Without giving away Jones’ solution to the extrovert’s spiritual dilemma with which he struggled (enough to say he finds a corrective model in the incarnation of Jesus Christ), I share a bit of advice that probably rescued me from similar introvert-extrovert bewilderment in my continuing search for a spiritual path; although, my dilemma probably had more to do with hyperactivity than a quest for spirituality, and my quest is by no means over.

A wise professor with whom I studied the New Testament urged upon his students a strategy of retreat and exposure. He argued that we needed time alone to think and get our professions properly ordered; however, he also argued that isolated aloneness was minimally helpful over an extended period; we needed to expose our well-honed thinking and beliefs to both friends and critics.

“Retreat and exposure,” he repeated as his scholarly mantra. “Retreat and exposure” must become the way of spiritual growth.

That mantra made sense to me. Each time I sought to retreat into some sanctuary or quiet place to “get alone with God,” I grew lonesome and fidgety. Conversely, in a crowd of worshipers, I found myself often longing for a quiet and isolated time to speak with God. Retreat and exposure outlined for me two facets of my spiritual quest, both valuable and necessary. The same God who urged stillness also urged going into the entire world, or in my professor’s words: “Retreat and exposure.”

I have never been able to classify myself accurately on the introvert-extrovert scale. If I can be permitted a sports metaphor: I’ve always valued true teamwork, but I know that when a player steps into a batter’s box or goes to the free-throw line, that player is utterly alone. There’s a time for retreat and a time for exposure. In sports, that usually translates into defense and offense, both of which the game requires.

Jones uses a series of poetic descriptions to capture this dual nature of spirituality. He calls it “a carnal spirituality,” a “fleshly mysticism,” a “sacramental living.” Deep spirituality, he suggests, is “a cello well played, a motorcycle aimed at the sunset, a contagious laughter, a friendship wanting nothing, a playful kite at the end of its string, a child’s giggle.”

Where seriousness characterizes the introvert’s spirituality, Jones notes levity is the mark of an extrovert’s spiritual life. “What silence is for introverts,” he writes, “music is for extroverts.”

The key, I think, for understanding Jones’ extrovert spirituality is recognizing that greed and self-centeredness have no place in his engagement of the world and of life.

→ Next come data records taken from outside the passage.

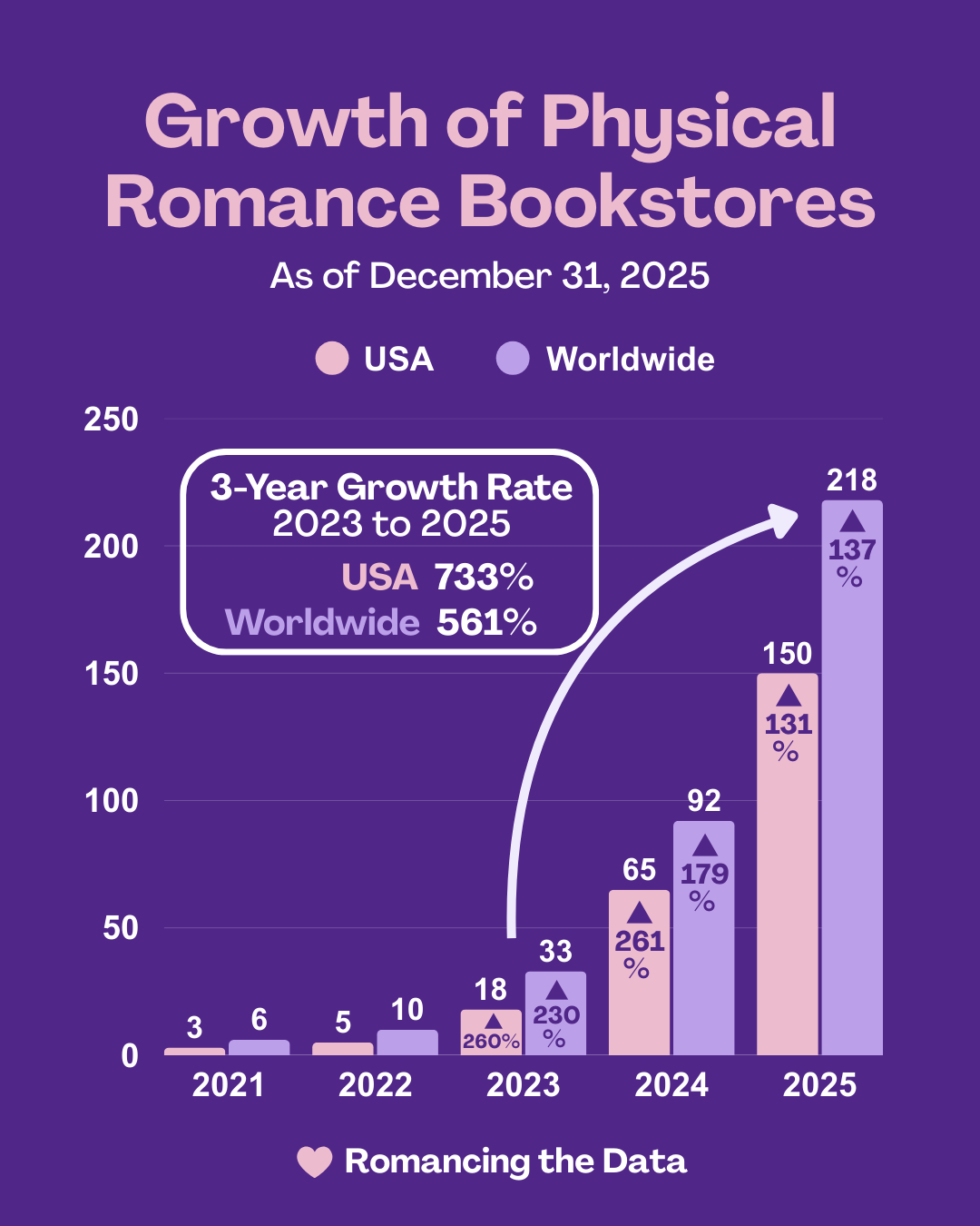 There was a 137% increase in physical romance bookstores worldwide in 2025, growing from 92 to 218 stores.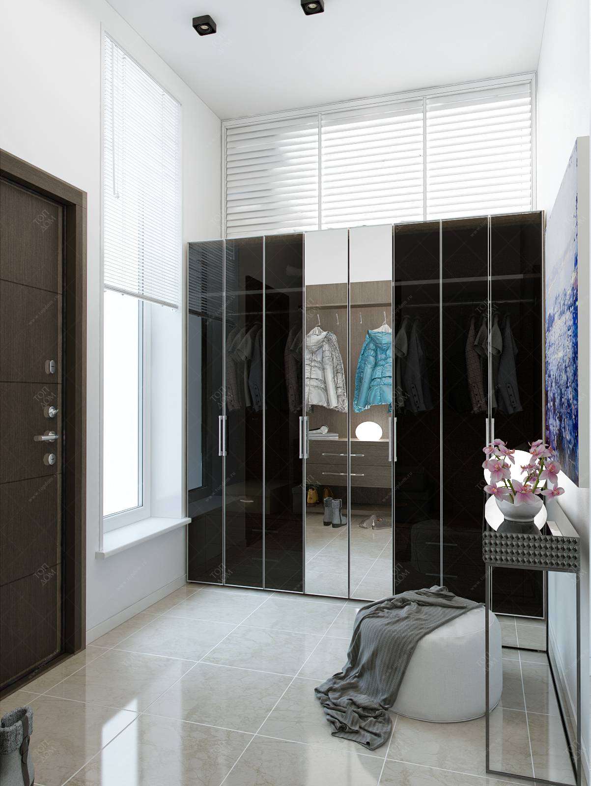 Входная зона имеет прямоугольную планировку. Это позволило слева от входа разместить гардеробный шкаф на всю ширину стены, напротив – компактную консоль с вешалкой для одежды, полкой для обуви и ящиками. Вдоль длинной стены установлен узкий металлический столик для ключей. Тонированные и зеркальные фасады шкафа работают на увеличение объема прихожей.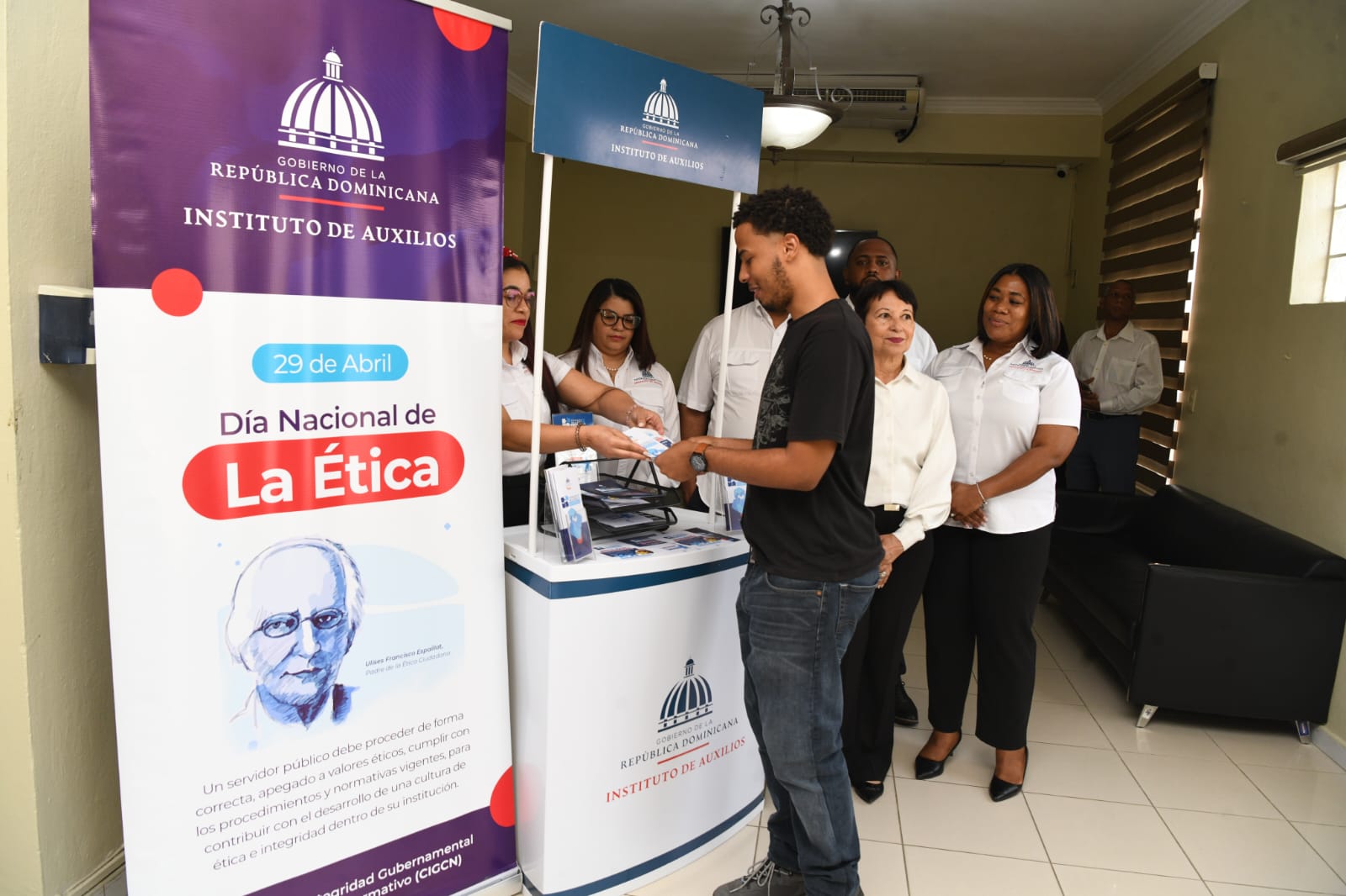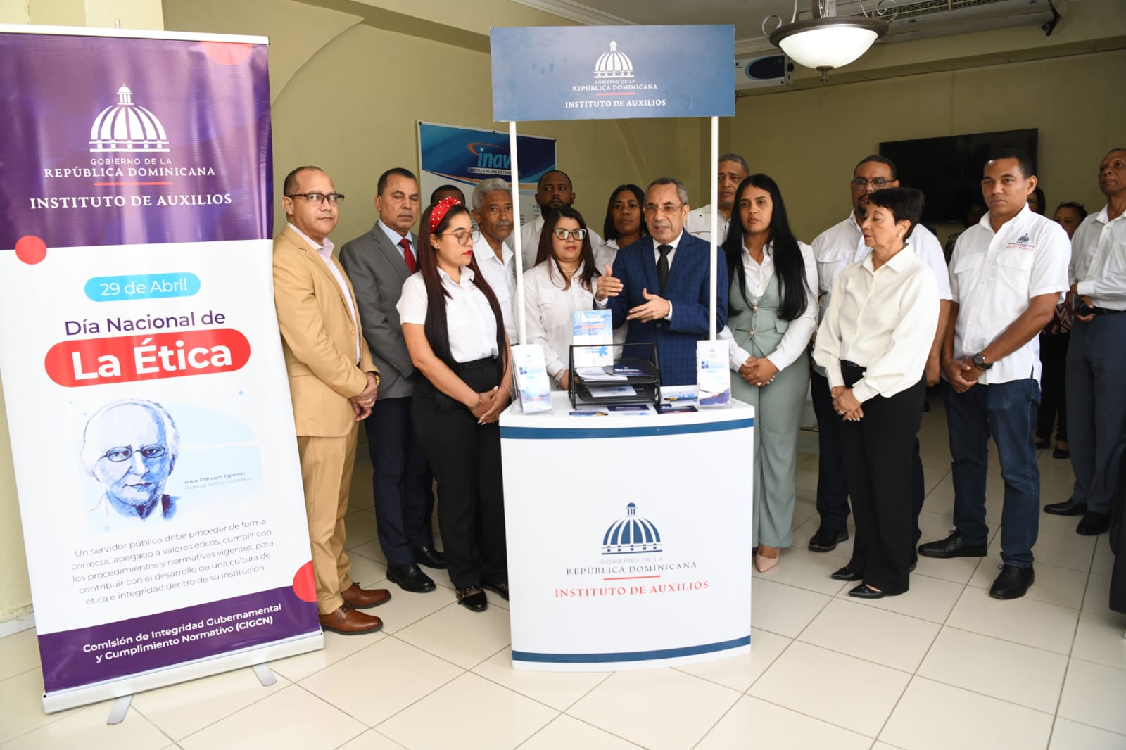 Durante un acto encabezado por su administrador general, Dr. Elsido Díaz Bueno, el Instituto de Auxilios (INAVI) dejó iniciada la Semana de la Ética 2026 con la instalación de un stand o punto informativo con materiales referentes a la ética e integridad y que invitan a los ciudadanos a realizar con plena confianza sus denuncias.

Whether we are introverted or extroverted, our spirituality has nothing to do with us; it’s not all about me; it’s ultimately about God and who I am in my relationship to my Creator-Redeemer and the wonderful world I find myself trying to understand.

The apostle John probably captured this best in speaking about Jesus: “He must increase, but I must decrease” (John 3:30, KJV).

2 comments:

Unknown said...

A fabulous post! Thank you for the great food-for-thought passages.

Although I will have to slowly read through it another time, the message I received from it is: Balance.

Throughout my life, I am part introvert and extrovert. And what I learn from the the silence between my thoughts, I share with the world.

So for me, balance is the key ... and to remember to enjoy the ride of the pendulum swing between the opposites of my human nature.

If I may, I'd like to offer you (all) a free gift (pdf) copy of my book as my way of 'giving back'. No strings/spam attached...really. (I know, hard to believe these days :-)

Thanks again for the great post!

take care,
Louise Lewis, author
No Experts Needed: The Meaning of Life According to You!

Gift copy at: www.noexpertsneeded.com

Julie said...

Retreat and exposure - I like that phrase I suppose that each of us needs are own particular ratio of retreat to exposure - and that is where the work is: finding the balance that helps us to really hear God's voice within.